The authors respond:

We thank Richard Kallet for his comments on our paper published in this Journal.¹ To extubate a patient, the physician must determine if the patient has a sustainable breathing pattern that is adequate for gas exchange, and if the patient can maintain an open airway (or to use the vaguer term, protect the airway).² Computer-driven weaning is probably an incremental improvement on our knowledge and on our current practice of assessing the breathing pattern that incorporates frequency-to-tidal volume ratio, breathing trial, and weaning protocols.³

On the other hand, keeping an airway open is poorly understood. One reason for this is that we do not have a clear working definition of this concept. An upper airway that is anatomically intact needs 2 functions to stay open: swallowing and the contraction of upper airway muscles during inspiration. Cough is a late line of defense that is essential to manage large amounts of respiratory secretions or secretions that are aspirated because of inadequate swallowing. Most investigators, including us, used combinations of mental status, amount of secretions, and strength of cough as predictors of extubation outcome in patients who tolerate breathing trials. Despite their predictive ability, these variables are surrogates for the 2 functions required to keep an airway open.

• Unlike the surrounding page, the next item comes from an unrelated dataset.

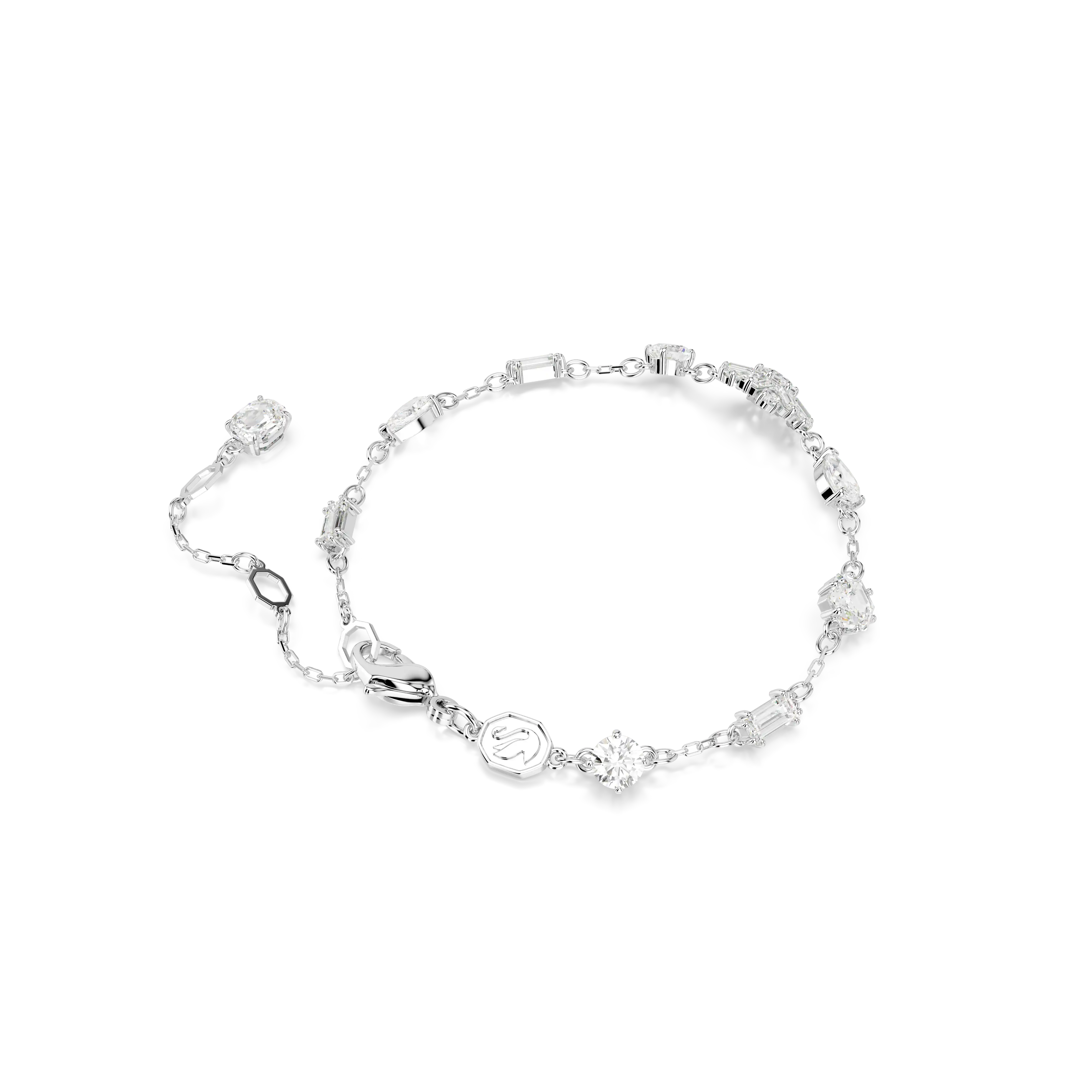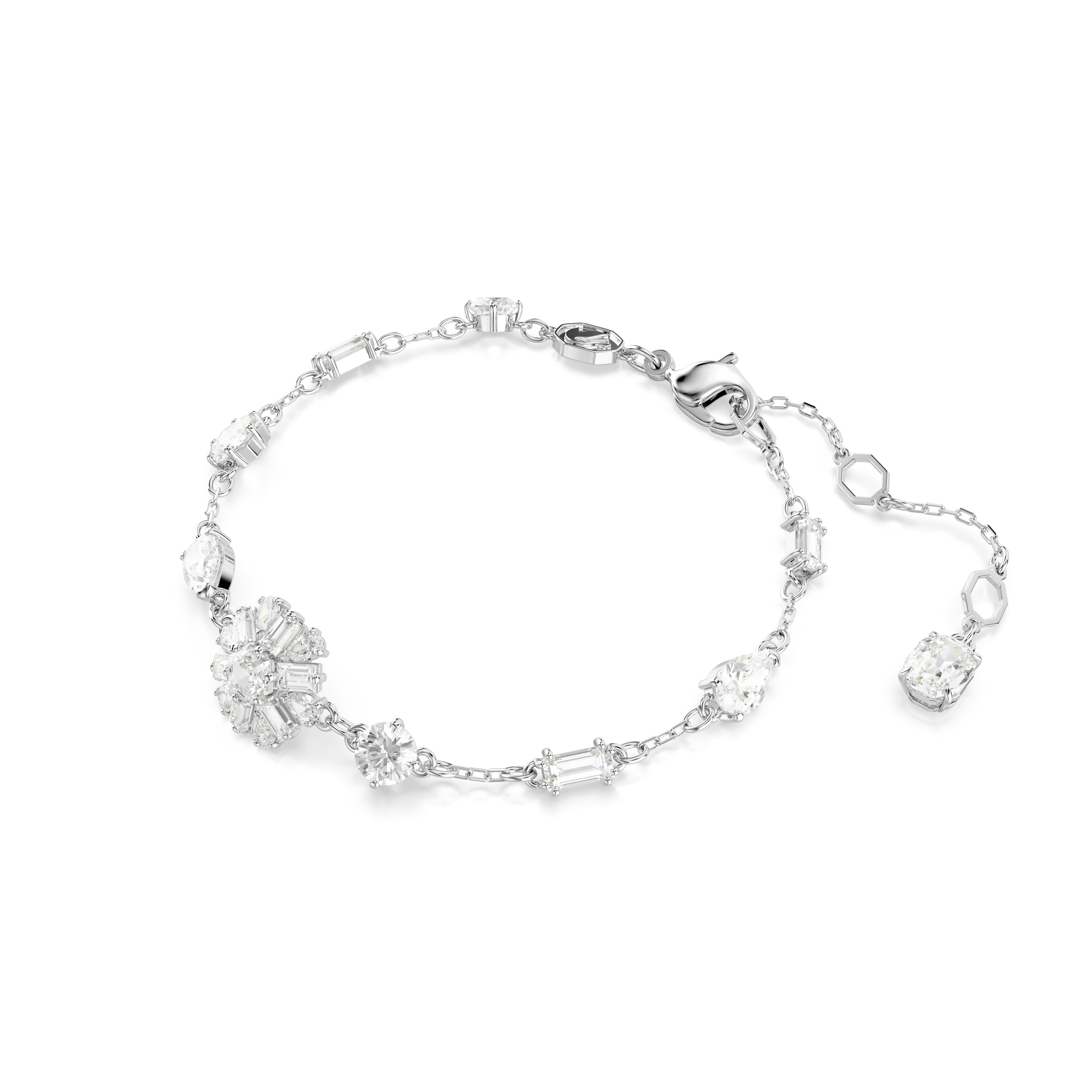 Magical and mesmerizing,this ice-inspired bracelet is the perfect statement piece. The rhodium plated jewelry features a delicate chain,accented with clear Swarovski Zirconia in various shapes,and a stunning central snowflake motif. Style with matching earrings to shine even brighter.

The other issue that has not been addressed by research is the sequence of assessing the 2 determinants of successful extubation. During spontaneous breathing without an artificial airway (normal breathing), an open airway is a prerequisite for breathing. This fact is violated in clinical practice. When we evaluate a patient for extubation (a transition to breathing without an artificial airway), we frequently evaluate the breathing pattern first and then decide if the patient can keep the airway open. We believe that this practice is the result of 2 beliefs: the belief that one extra day on the ventilator is more harmful than failed extubation (confirmed by the fact that most physicians in the study were aggressive in extubating patients) and the belief that the available predictors of keeping the airway open are weak (supported by the fact that 21% of the physicians in the study were influenced by mental status and secretions).¹ These beliefs might result in the extubation of patients who ultimately required re-intubation because they cannot “protect the airway.” If we perform weaning trials only on patients able to keep the airway open, we will reduce re-intubation from airway related reasons.

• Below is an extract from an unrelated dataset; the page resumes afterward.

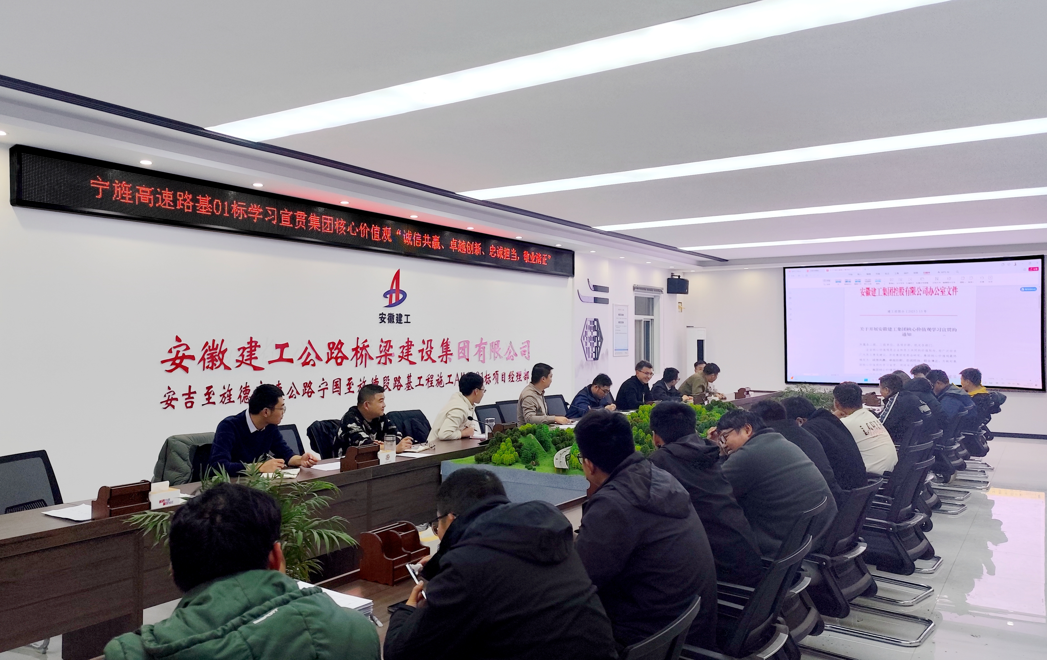 淮桐高速淮南段路基4標(biāo)開(kāi)展集團(tuán)核心價(jià)值觀(guān)專(zhuān)題學(xué)習(xí),引導(dǎo)項(xiàng)目職工將集團(tuán)核心價(jià)值觀(guān)落實(shí)到崗位職責(zé)中。

Before we replace our current practice with computer aided weaning and extubation algorithms, we should better understand the physiology of the upper airway after extubation and determine the strongest predictors of keeping it open. Then we should determine when to incorporate these predictors, before and after breathing trials. At that point we can use the new knowledge to create comprehensive computer aided algorithms. And even then, gut feeling might remain superior to computers, particularly in complex situations.⁴

The authors respond:

We agree with Kallet that better tools may help physicians identify extubation candidates more accurately. However, while prediction models constructed along the lines described by Tulaimat and Mokhlesi might prove useful,¹ we do not know whether better modeling, in and of itself, would improve decision making. Prediction tools are indispensible when clinicians need to make complex, high risk decisions, but such tools rarely succeed in isolation: they are deeply intertwined with and dependent upon clinical judgment.

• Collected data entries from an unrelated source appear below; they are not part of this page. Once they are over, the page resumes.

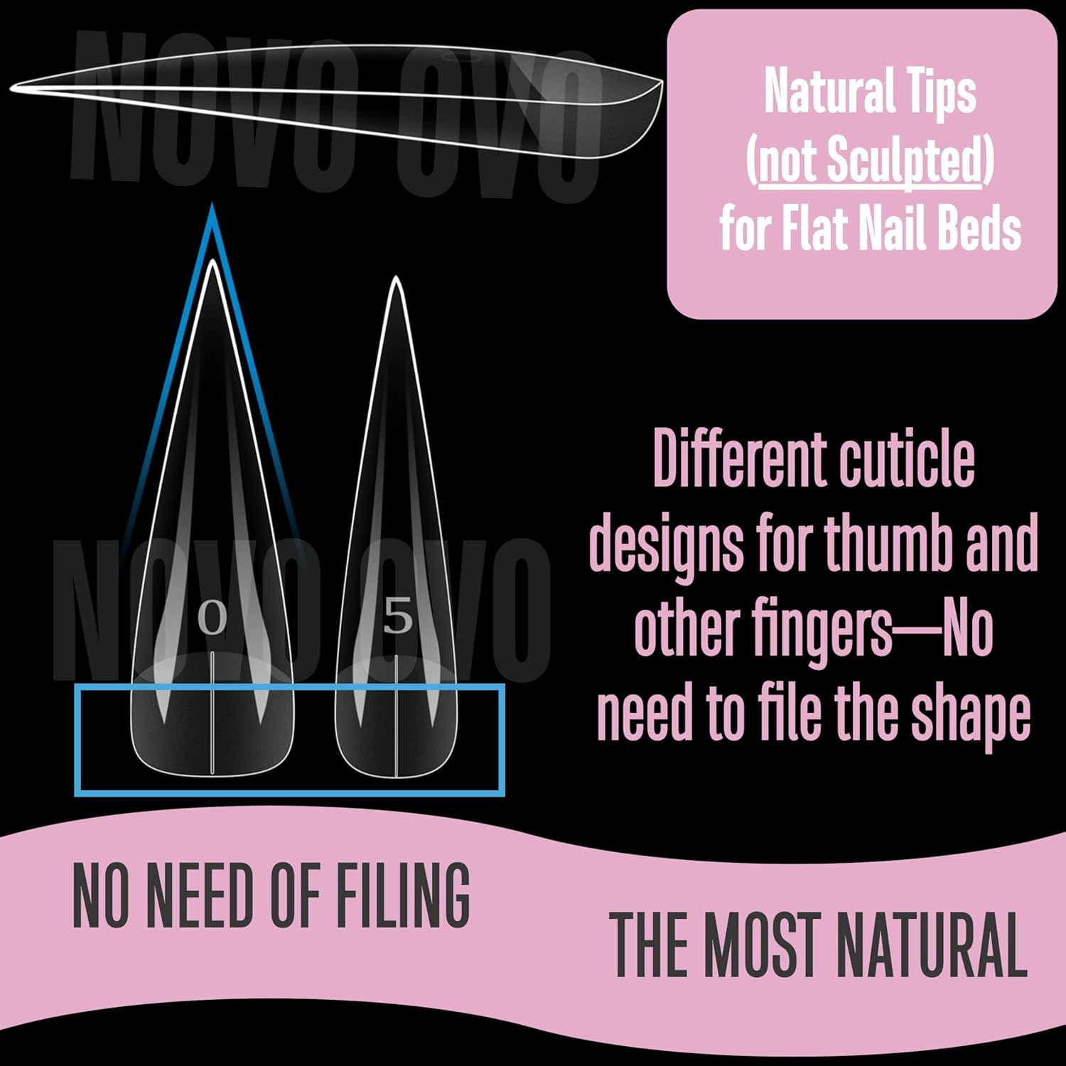 NOVO OVO Halloween XXL Straight Sharp Stiletto Natural Nail Tips Press on (not Sculpted), Normal Thick Extra Long Soak Off Soft Gel Fake Nail Extension, Full Cover False Nails for 12 Sizes 240 pcs
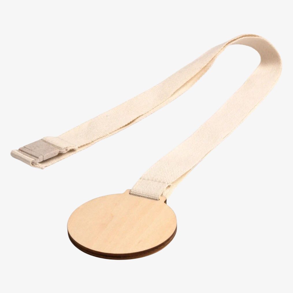 Medaljen HOLDEN är tillverkad av bambu med en bomullsaxelrem. Den kombinerar två naturliga material för daglig användning.
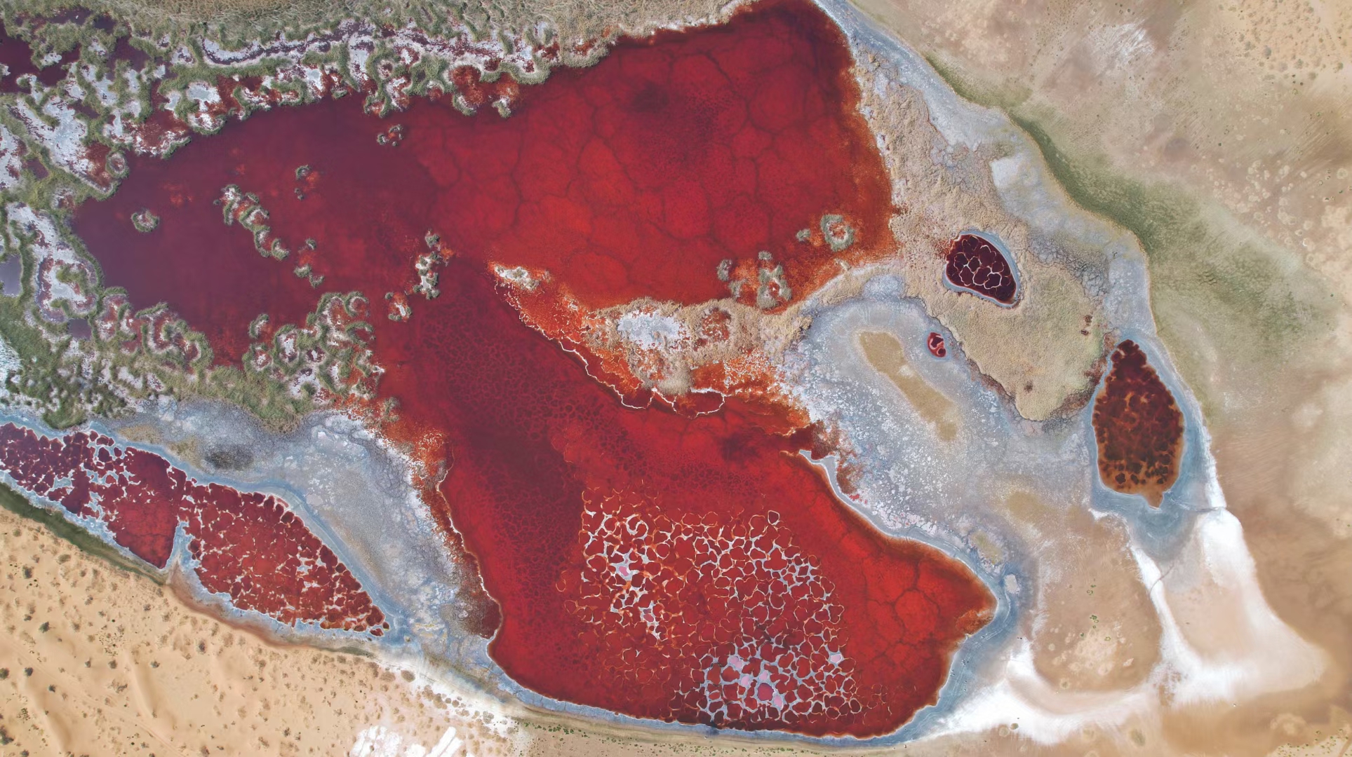来到沙漠则是不一样的体验,一望无际的沙漠,深度体验大漠风光,更令你想不到的是,在沙漠里居然还有湖泊的存在,下面图片红色的湖泊就是乌兰湖,被誉为地球之心。
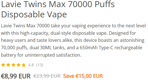 🟣 Lavie Twins Max 70000 Puffs Disposable Vape
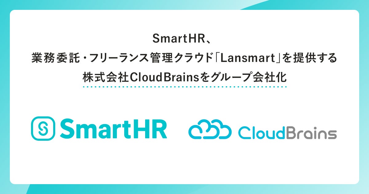株式会社SmartHR(本社:東京都港区、代表取締役CEO:芹澤 雅人)は、2025年4月25日に業務委託・フリーランス管理クラウド「Lansmart」を提供する株式会社CloudBrains(本社:東京都港区、代表取締役:眞壁 雅彦)の発行する全株式を取得し、同社をグループ会社化いたしました。
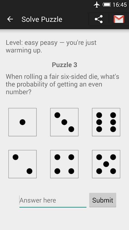 Это приложение предлагает более 90 математических головоломок по вероятности на трех уровнях, от начального до продвинутого. Вводные головоломки просты, но некоторые из головоломок будут очень сложными, даже для людей, которые изучали вероятность на уровне колледжа — попробуйте ответить на них все! Если вы застряли, внизу каждой страницы есть подсказка, и вы можете легко пропустить головоломки (и вернуться к ним позже), проведя пальцем по горизонтали. Развлекайтесь!
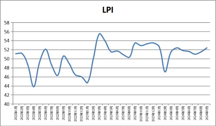 中国物流与采购联合会发布的2024年9月份中国物流业景气指数为52.4%,环比回升0.9个百分点。9月份,供应链上下游进一步复苏,公路、铁路、航空和电商快递等物流实物量稳步增长,业务总量指数、新订单指数、业务活动预期指数连续回升,保持扩张区间运行,反映三季度以来物流供需保持适配增长、内生动力韧性回升,物流“金九”如期而至。
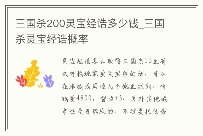 - 三國(guó)殺200靈寶經(jīng)誥多少錢(qián)_三國(guó)殺靈寶經(jīng)誥概率
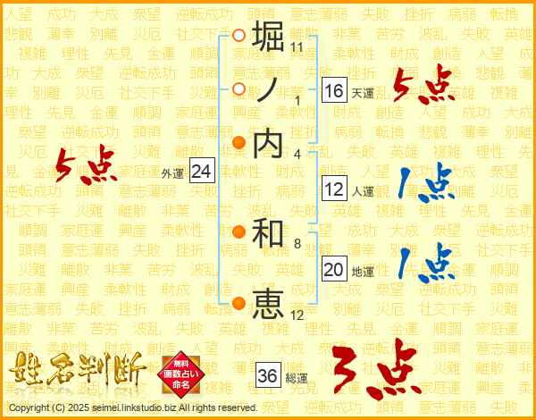 堀(11画)ノ(1画)内(4画) 和(8画)恵(12画)

An intriguing but unanswered question raised by Tulaimat and Mokhlesi's study¹ is why some physicians, but not others, made accurate predictions. As we noted previously,² the cases studied were difficult, but some physicians clearly got the decision right. All the physicians who participated in Tulaimat and Mokhlesi's study were attendings or fellows in 3 respected teaching institutions¹ and presumably familiar with the factors associated with extubation failure. So why did so many choose extubation despite these factors? Did they discount their significance? Did other, unidentified factors persuade them to believe extubation would succeed despite data to the contrary? Did some unnamed bias or heuristic push physicians to make decisions that seem irrational in retrospect? Perhaps identifying the factors associated with accurate decision making would prove illuminating.

A well-constructed algorithm, as Kallet proposes, might improve physicians' ability to predict extubation success. However, the quest to develop such algorithms remains elusive. Despite years of study and countless expert reviews and clinical guidelines,^3–6 the pulmonary and critical care community still struggles to find better ways to identify extubation candidates. For example, a recent study by Girault et al showed that a substantial portion (63%) of patients could be successfully extubated despite “failing” a spontaneous breathing trial.⁷ Clearly, more work is needed to optimize our approach to extubation. Both reliable data—and the optimal use of data available—are vital to the ongoing effort to extubate more of the right patients at the right time.